TASK PROMPT » Working from the data below, write out exactly the lines from its first through the line that contains "Guadeloupe 1903 franc", both ends included and pictures omitted.

DATA EXCERPTS »
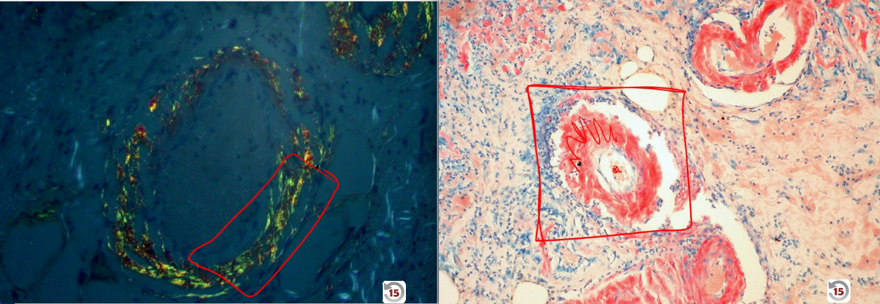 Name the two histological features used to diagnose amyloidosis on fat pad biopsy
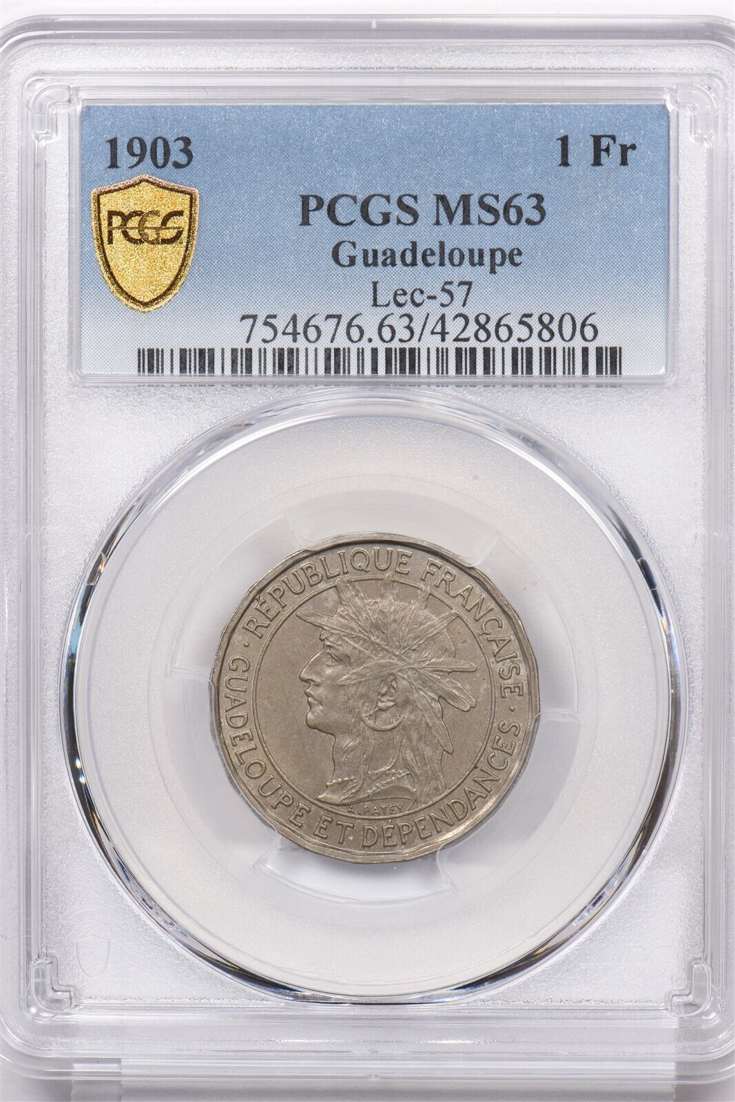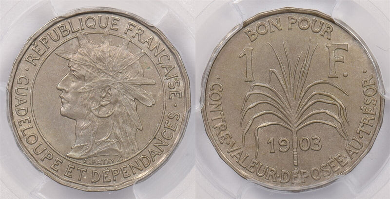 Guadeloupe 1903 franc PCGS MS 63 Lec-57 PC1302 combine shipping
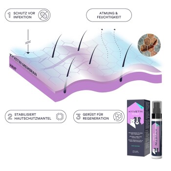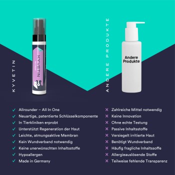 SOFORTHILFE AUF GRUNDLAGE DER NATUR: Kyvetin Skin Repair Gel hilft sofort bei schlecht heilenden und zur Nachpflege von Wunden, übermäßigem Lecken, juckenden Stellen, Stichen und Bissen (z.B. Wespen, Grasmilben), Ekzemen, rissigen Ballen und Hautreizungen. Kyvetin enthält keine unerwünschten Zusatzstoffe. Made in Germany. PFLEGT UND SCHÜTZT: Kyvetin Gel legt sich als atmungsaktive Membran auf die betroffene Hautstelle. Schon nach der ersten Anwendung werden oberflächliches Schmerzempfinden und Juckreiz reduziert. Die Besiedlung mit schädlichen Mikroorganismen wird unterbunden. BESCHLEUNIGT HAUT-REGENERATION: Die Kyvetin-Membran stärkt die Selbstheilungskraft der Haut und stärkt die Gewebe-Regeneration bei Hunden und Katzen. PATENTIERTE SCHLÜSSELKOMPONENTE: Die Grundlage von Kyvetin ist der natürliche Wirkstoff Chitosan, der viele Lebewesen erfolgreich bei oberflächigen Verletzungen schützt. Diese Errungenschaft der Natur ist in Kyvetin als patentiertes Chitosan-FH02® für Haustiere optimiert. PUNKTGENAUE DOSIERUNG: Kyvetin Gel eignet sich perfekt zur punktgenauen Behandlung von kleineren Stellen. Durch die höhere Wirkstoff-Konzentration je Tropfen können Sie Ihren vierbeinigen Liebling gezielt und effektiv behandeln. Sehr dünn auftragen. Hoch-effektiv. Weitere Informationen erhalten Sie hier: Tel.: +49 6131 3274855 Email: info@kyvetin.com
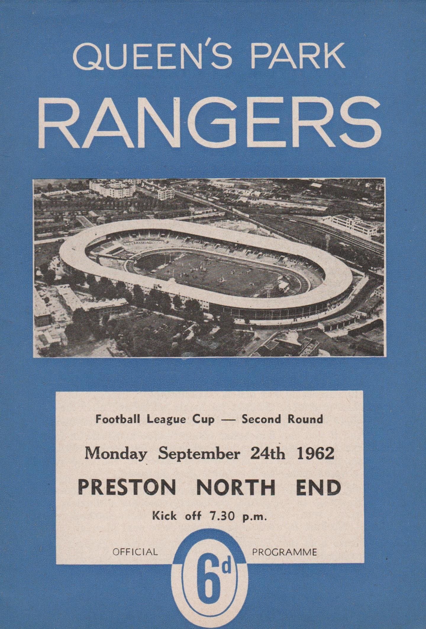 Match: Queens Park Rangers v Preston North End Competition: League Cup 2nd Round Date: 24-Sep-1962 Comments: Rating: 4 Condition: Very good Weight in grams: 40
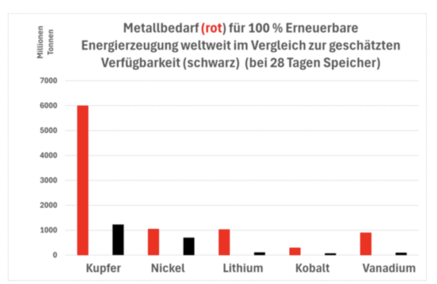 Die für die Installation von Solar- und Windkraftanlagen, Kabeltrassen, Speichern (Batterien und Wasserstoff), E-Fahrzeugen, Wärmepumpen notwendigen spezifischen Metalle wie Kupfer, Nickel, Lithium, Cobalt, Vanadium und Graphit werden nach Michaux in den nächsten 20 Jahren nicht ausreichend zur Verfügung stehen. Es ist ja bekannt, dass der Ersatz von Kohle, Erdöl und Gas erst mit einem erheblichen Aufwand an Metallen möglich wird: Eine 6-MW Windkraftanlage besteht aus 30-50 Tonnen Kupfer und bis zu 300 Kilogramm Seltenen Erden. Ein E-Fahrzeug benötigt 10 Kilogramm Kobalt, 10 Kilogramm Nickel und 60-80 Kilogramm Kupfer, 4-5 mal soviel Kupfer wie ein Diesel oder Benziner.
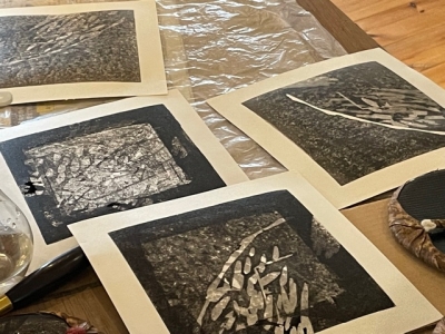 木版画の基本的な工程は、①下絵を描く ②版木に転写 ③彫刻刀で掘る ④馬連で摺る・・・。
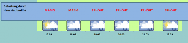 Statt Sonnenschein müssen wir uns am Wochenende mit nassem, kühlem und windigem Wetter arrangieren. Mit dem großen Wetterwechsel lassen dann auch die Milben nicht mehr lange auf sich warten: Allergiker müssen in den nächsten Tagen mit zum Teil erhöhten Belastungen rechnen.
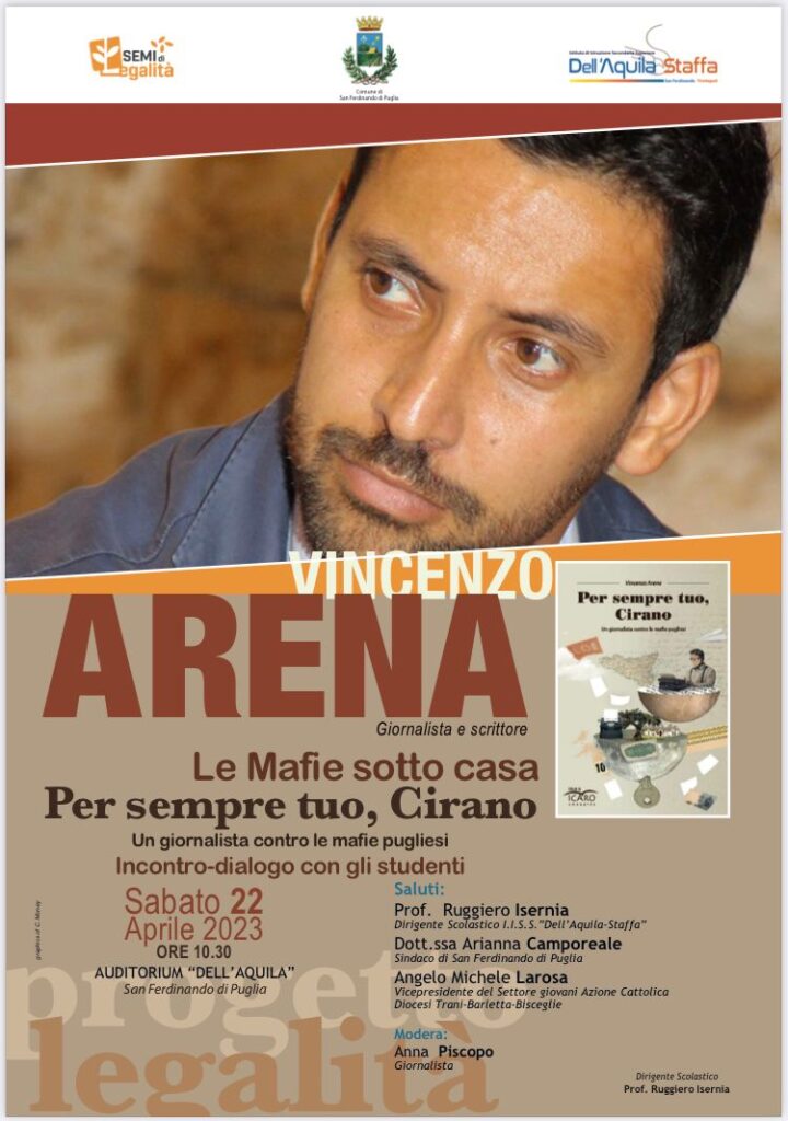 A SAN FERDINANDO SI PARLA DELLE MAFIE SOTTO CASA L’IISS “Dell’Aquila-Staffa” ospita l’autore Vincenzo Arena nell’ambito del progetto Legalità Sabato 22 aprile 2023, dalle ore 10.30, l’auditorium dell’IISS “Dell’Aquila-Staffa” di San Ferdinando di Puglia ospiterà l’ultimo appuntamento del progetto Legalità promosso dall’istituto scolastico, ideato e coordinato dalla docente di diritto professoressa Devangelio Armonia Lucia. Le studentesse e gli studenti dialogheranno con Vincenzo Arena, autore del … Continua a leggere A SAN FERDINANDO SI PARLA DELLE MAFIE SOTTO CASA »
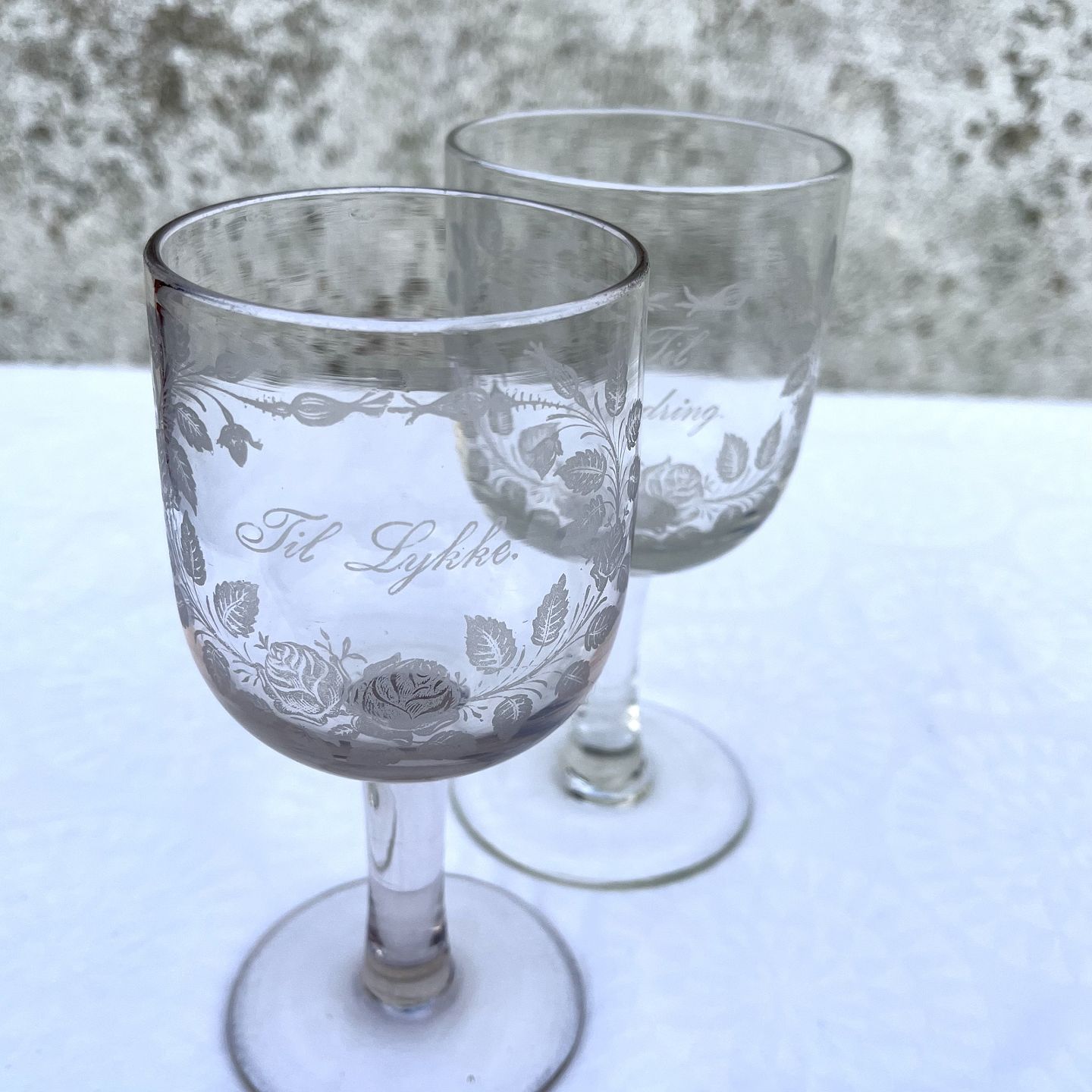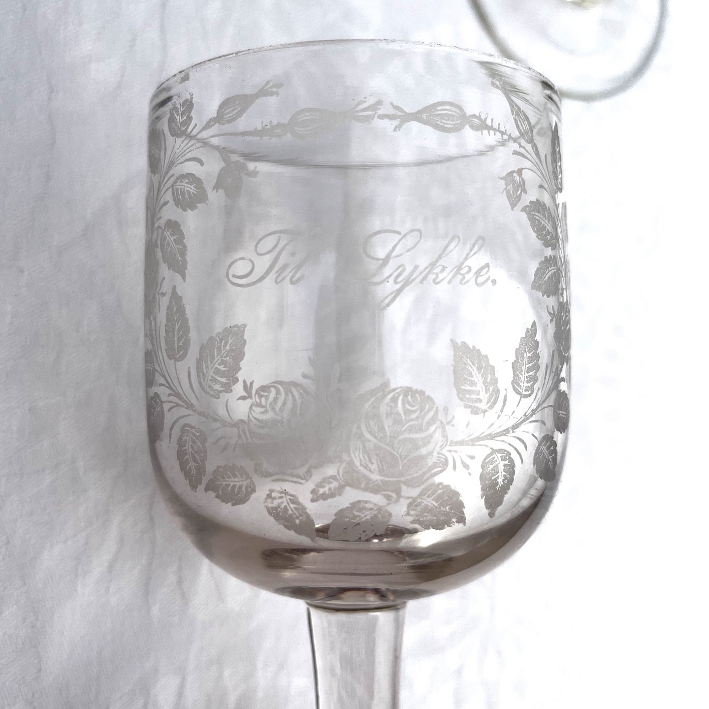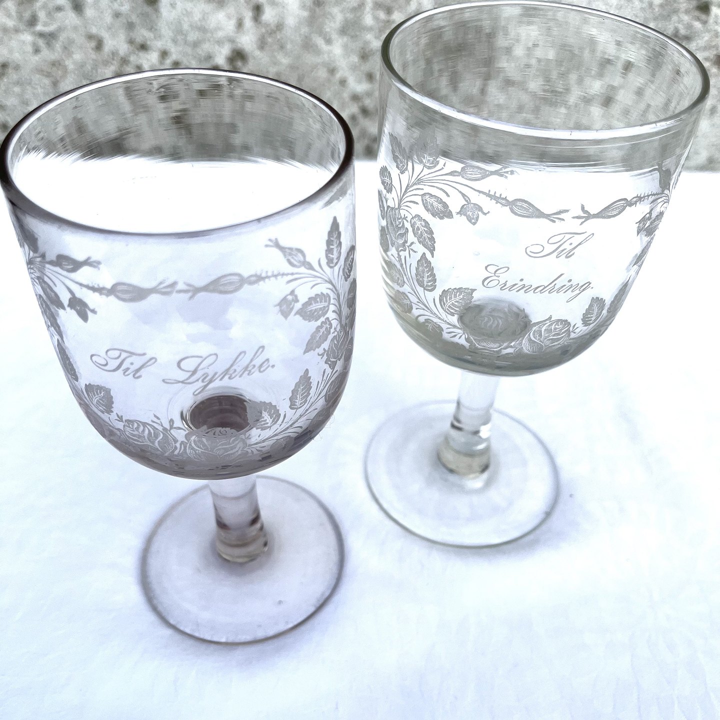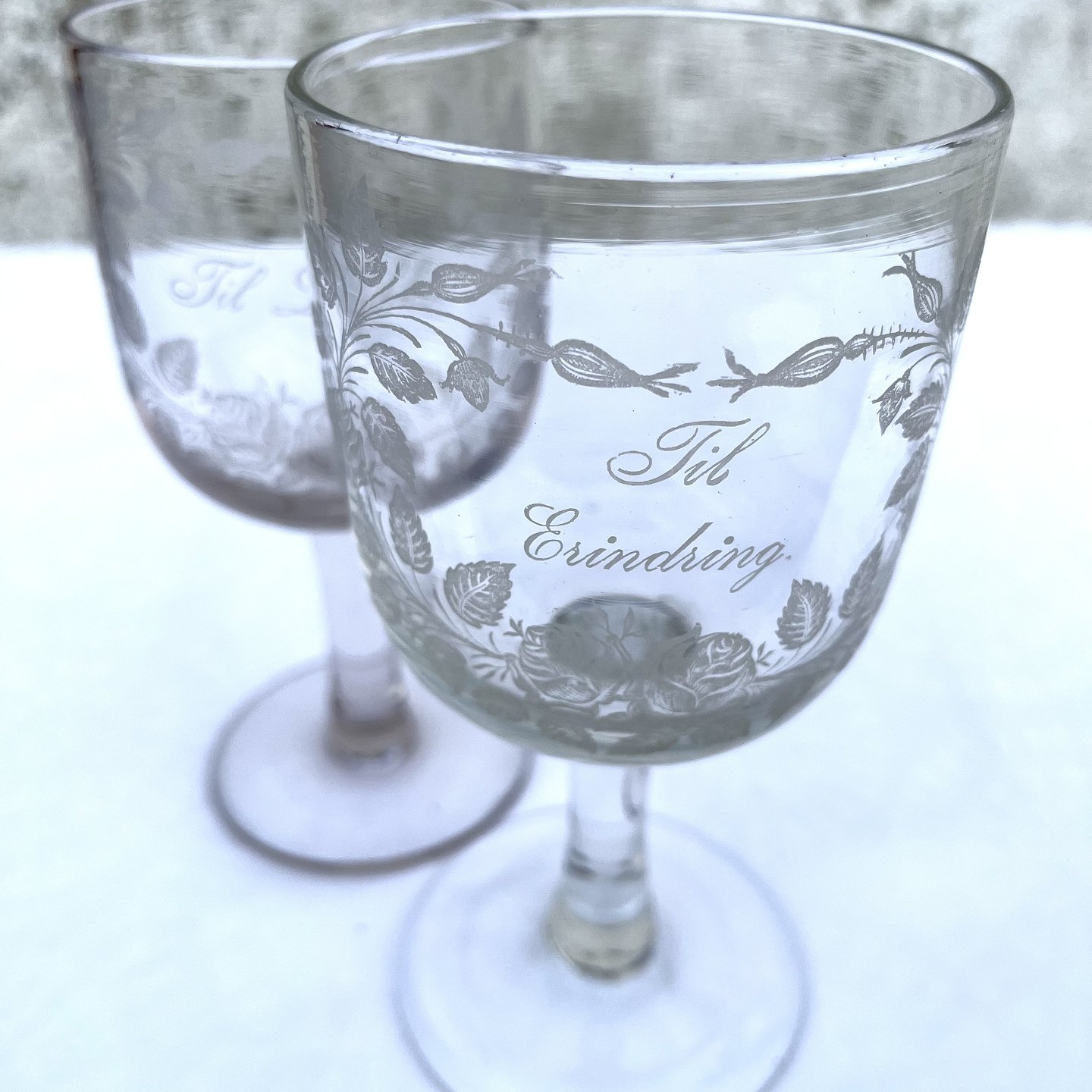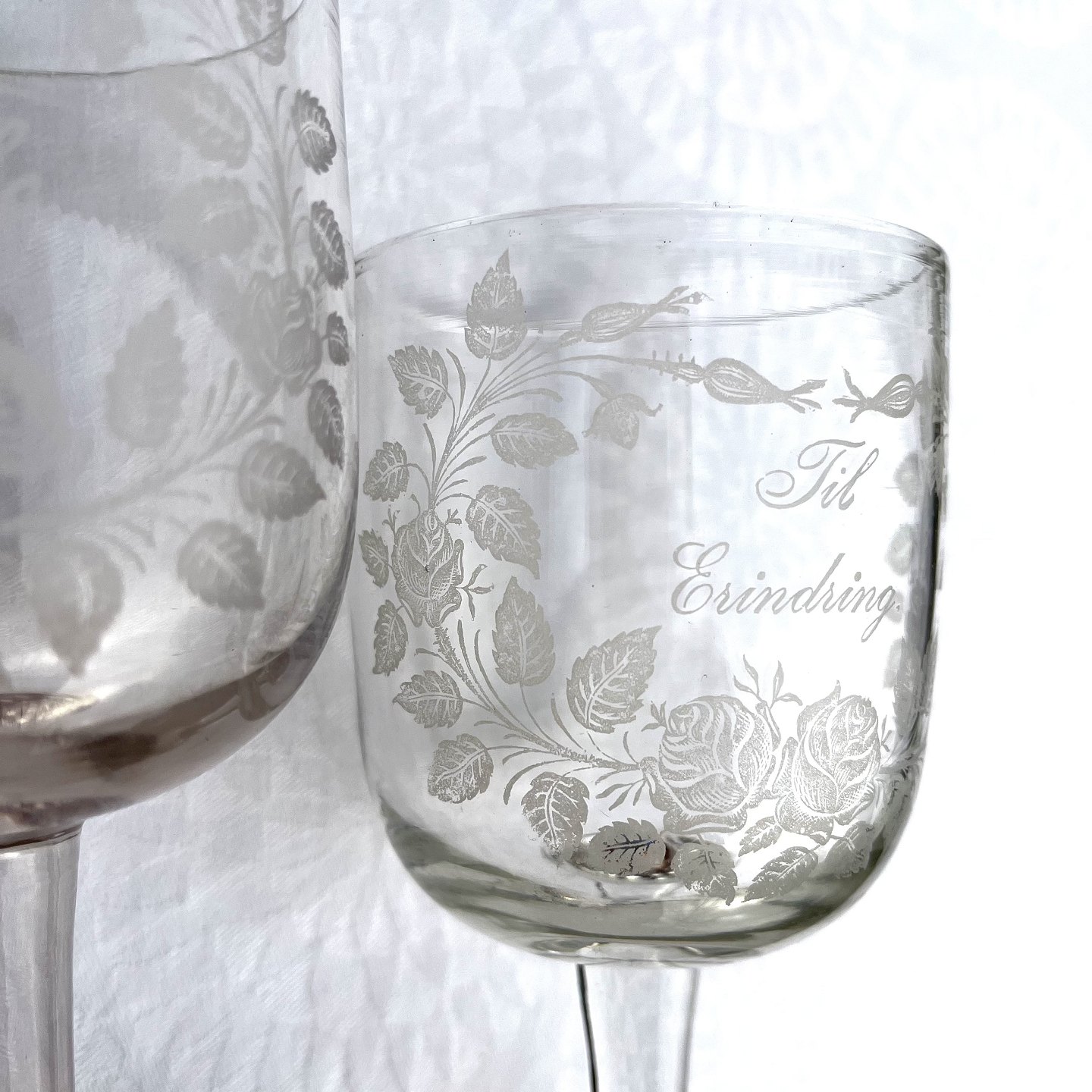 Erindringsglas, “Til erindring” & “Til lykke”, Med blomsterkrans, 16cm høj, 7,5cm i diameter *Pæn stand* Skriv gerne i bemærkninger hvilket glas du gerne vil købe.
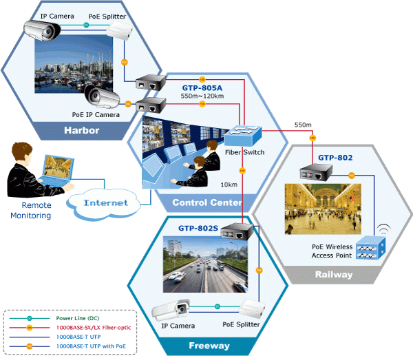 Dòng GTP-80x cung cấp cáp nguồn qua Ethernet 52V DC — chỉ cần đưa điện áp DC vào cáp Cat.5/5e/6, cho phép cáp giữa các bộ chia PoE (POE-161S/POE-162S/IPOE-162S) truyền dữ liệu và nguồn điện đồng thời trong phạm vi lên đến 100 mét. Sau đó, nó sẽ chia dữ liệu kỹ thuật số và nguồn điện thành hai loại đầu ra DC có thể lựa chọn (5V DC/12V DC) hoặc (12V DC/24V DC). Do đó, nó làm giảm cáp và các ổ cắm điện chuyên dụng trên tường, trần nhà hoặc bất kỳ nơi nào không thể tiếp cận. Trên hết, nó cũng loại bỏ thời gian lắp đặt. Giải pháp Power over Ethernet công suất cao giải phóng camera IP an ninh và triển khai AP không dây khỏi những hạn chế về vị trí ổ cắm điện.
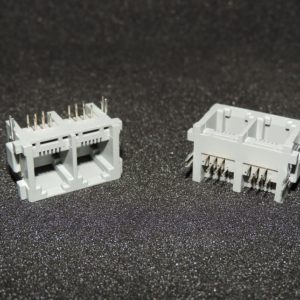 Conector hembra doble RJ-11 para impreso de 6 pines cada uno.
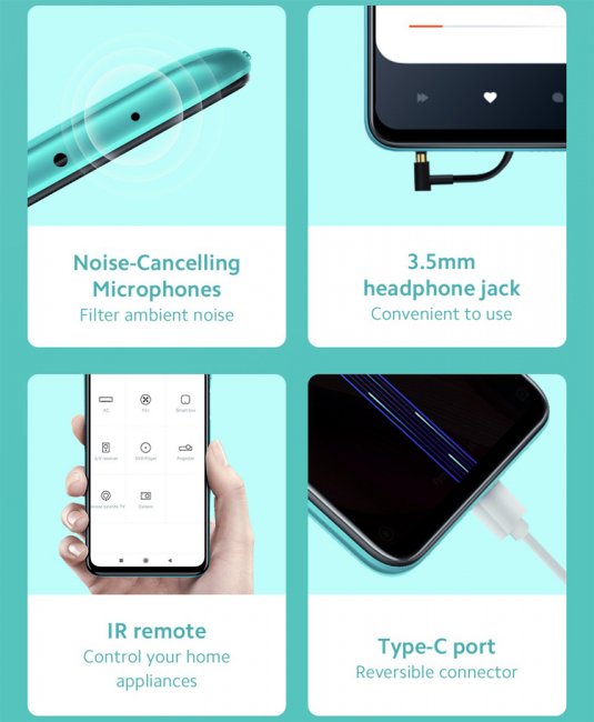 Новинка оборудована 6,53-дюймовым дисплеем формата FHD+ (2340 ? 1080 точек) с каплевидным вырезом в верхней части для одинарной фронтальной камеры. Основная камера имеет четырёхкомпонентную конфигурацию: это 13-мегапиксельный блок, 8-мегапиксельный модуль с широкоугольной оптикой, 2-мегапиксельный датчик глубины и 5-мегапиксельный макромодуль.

THE COMPLETED TASK »
 Name the two histological features used to diagnose amyloidosis on fat pad biopsy
 Guadeloupe 1903 franc PCGS MS 63 Lec-57 PC1302 combine shipping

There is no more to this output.